**Required work**. Each line below needs to be returned exactly. Skip any picture.

**Data block**.
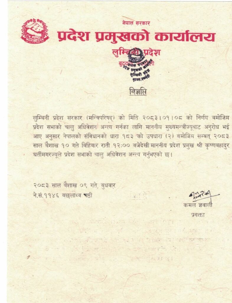लुम्बिनी प्रदेश सभाको चालु अधिवेशन अन्त्य गरिएको छ । प्रदेश मन्त्रिपरिषद्को सिफारिसमा नेपालको संविधानको धारा १८३ को उपधारा (२) बमोजिम प्रदेश सभाको चालु अधिवेशन अन्त्य गरिएको हो ।
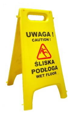 Tablica informacyjna, niezbędna w przypadku sprzątania na mokro w obiektach użyteczności publicznej lub w przypadku złych warunków pogodowych, ostrzegająca przed przypadkowym poślizgnięciem.
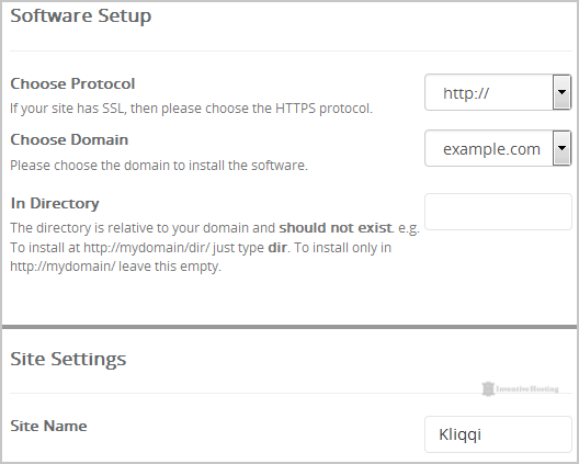 - In Directory: If you want to install this in a directory, for example example.com/directory, enter the directory name. Otherwise, leave this blank to install in your main domain example.com

**Result of the task**.
लुम्बिनी प्रदेश सभाको चालु अधिवेशन अन्त्य गरिएको छ । प्रदेश मन्त्रिपरिषद्को सिफारिसमा नेपालको संविधानको धारा १८३ को उपधारा (२) बमोजिम प्रदेश सभाको चालु अधिवेशन अन्त्य गरिएको हो ।
 Tablica informacyjna, niezbędna w przypadku sprzątania na mokro w obiektach użyteczności publicznej lub w przypadku złych warunków pogodowych, ostrzegająca przed przypadkowym poślizgnięciem.
 - In Directory: If you want to install this in a directory, for example example.com/directory, enter the directory name. Otherwise, leave this blank to install in your main domain example.com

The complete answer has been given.